In celebration of their newest release, the Grammy-nominated ‘Cool It Down’, NME presents a ranking of the Yeah Yeah Yeahs studio efforts, from their scorching and raucous debut to the chill bite of their latest album and all the ingenuity and warmth in-between.
‘Mosquito’ was released almost exactly 10 years after ‘Fever To Tell’, which may explain why most conversation around the album centred on how different it was from the feral sound Yeah Yeah Yeahs debuted with. Scattered with disorienting atmospherics, lyrical mood swings, and even a track about begging to be abducted by aliens (‘Area 52’), it was a far cry from the subject matter and sound of the rest of the band’s discography. Still, their roots were there. According to O, the band returned to a “shitty little downtown studio” in New York City to record their fourth album, and though she traded in her iconic dark bowl cut for bright bleached blond hair, her signature raspy howl never left, emboldening even the most subdued moments of songs like ‘Sacrilege’.
Fans and critics were surprised and confused by the album and reviews were mixed.
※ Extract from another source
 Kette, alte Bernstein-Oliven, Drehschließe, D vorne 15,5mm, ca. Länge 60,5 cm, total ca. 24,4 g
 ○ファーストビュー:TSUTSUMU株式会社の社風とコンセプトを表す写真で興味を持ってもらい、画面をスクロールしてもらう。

Meanwhile, the band was thrilled to play around and experiment after a decade of making music together, trying their hand at something new because, as Zinner said during the lead-up to the album: “Fuck it, we’re going to do what we want, who gives a shit!”
4‘Show Your Bones’ (2006)
The slow-building and echoing, ‘Gold Lion’ kicks off the band’s second album, ‘Show Your Bones’, with Zinner and Chase playing at a marching pace as O sings, “We’ll build a fire in your eyes”. It’s a bold first taste of a collection of some of the most delicious Yeah Yeah Yeah tracks. The path to ‘Show Your Bones’ involved the band scrapping everything they’d recorded after their debut and starting from scratch. “We’re not interested in making ‘Fever To Tell Part 2’”, O told NME at the time, adding that it was in their “best interests to try and explore other directions.”
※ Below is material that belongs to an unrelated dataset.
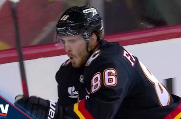 Regardez l’attaquant des Flames de Calgary Joel Farabee battre le gardien des Hurricanes de la Caroline Brandon Bussi pour marquer…

Despite that admission, there was an outcry from some critics that the album was too similar to their debut, with others saying it wasn’t brash and weird enough this go round. But dancefloor-worthy tracks like ‘Honeybear’ and melancholy moments like the heart-open crackling ‘Warrior’, with its reflections of the harsh reality of life on the road, were clear and compelling evidence that this was a forward-looking evolution of the band’s sound.
3‘It’s Blitz!’ (2009)
Yeah Yeah Yeahs closed out the decade with a 10-track dance party, with each song proving the exclamation point punctuating the album’s name was there for a reason. ‘It’s Blitz!’ is brimming with electric magnetism from the moment it launches, with O leaning into her full vocal range in ‘Zero’. Even the album’s cover art, a single hand bursting an egg by holding it too tight, has become synonymous with the signature sinister pop-rock sound the album embodies. The best moment of ‘It’s Blitz!’ comes by way of electro jaunt, ‘Heads Will Roll’, a gleeful threat that reminded listeners the band was not even slightly running out of creative brilliance six years after their debut.
2‘Cool It Down’ (2022)
Following nearly a decade of silence, Yeah Yeah Yeahs made an audacious return with one of their most poignant, polished and inventive albums yet. The band could’ve taken advantage of the recent push for nostalgia and indie sleaze by sifting through their back catalogue for inspiration. Instead, they journeyed elsewhere, sinking into new sonic depths and letting their creativity lead them into uncharted territory.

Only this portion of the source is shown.